Quel autre axe de recherche suivez-vous?

Il existe un phénomène optique très particulier qui s’appelle l’up-conversion. Cet effet permet de diminuer la longueur d’onde d’une lumière incidente grâce aux propriétés quantiques de certains atomes, dont les lanthanides, intégrés dans une matrice inorganique, comme du sel (NaCl). L’up-conversion est notamment utilisée pour transformer la lumière infrarouge émise par le soleil en lumière visible. Cette dernière peut alors être captée par les cellules photovoltaïques, ce qui augmente leur rendement. En revanche, selon un spécialiste, les lanthanides placés dans des molécules organiques perdraient cette faculté en raison des vibrations moléculaires trop importantes dues à la chaleur. Contre toute attente, mon groupe, en étroite collaboration avec celui d’Andreas Hauser, professeur au Département de chimie physique et spécialiste en spectroscopie optique, vient de produire la première molécule organique contenant un lanthanide capable de transformer de l’infrarouge proche en une magnifique lumière verte.

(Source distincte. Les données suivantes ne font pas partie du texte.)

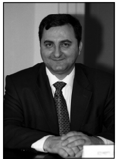
в июле нынешнего года по Указу Президента Грузии.
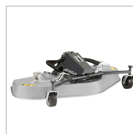
Tondeuse rotative ou mulching 1500
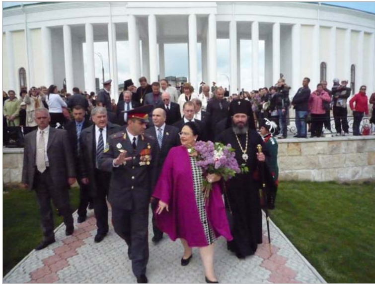
Государыня посещает Военно-исторический комплекс в Бендерах.

Глава Российского Императорского Дома возложила на С.Е.Нарышкина знаки Императорского Ордена Святой Анны I степени во свидетельство Своего глубокого уважения к его трудам на благо Отечества. Затем Ее Императорское Высочество поклонилась гробницам своих Царственных Предков в Архангельском соборе, помолилась в Успенском соборе, посетила Патриаршие Палаты и осмотрела выставку сокровищ Династии Великих Моголов из собрания Эмиров Кувейта и Королевских музеев Великобритании.

En fait, les spécialistes n’ont pas bien étudié les équations décrivant le phénomène et n’ont pas remarqué que certains termes peuvent être modifiés grâce à des manipulations chimiques.

A quoi peut bien servir l’up-conversion organique, puisqu’il existe déjà des dispositifs similaires en version inorganique?

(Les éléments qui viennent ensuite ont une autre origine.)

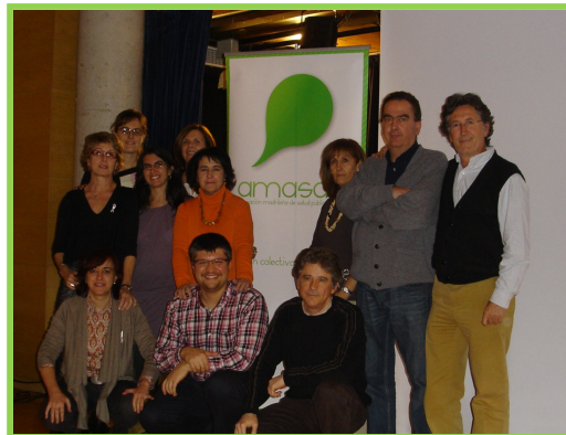
Nos despedimos de la antigua Junta Directiva, ¡gracias por vuestro esfuerzo!

C’est vrai, et en plus mes molécules sont difficiles à fabriquer et présentent un rendement très limité. Mais c’est une preuve de principe. Cette technique pourrait par ailleurs s’avérer intéressante pour d’autres domaines comme la microscopie en biologie. Les tissus vivants sont en effet transparents pour le proche infrarouge mais opaque à la lumière visible, ce qui rend l’intérieur des cellules inaccessible à la microscopie optique. On peut donc imaginer injecter dans des cellules ces molécules spéciales à base de lanthanides et les exposer avec une lumière rouge qui traverse les membranes. On pourrait ensuite étudier leur distribution grâce à la couleur verte qu’ils réémettraient et qui serait parfaitement visible au microscope optique.

*Les lanthanoïdes sont le lanthane (57La), le cérium (58Ce), le praséodyme (59Pr), le néodyme (60Nd), le prométhéum (61Pm), le samarium (62Sm), l’europium (63Eu), le gadolinium (64Gd), le terbium (65Tb), le dysprosium (66Dy), le holmium (67Ho), l’erbium (68Er), le thulium (69Tm), l’ytterbium (70Yb) et le lutécium (71Lu).

**Les lanthanides sont les lanthanoïdes à l’exception du lanthane.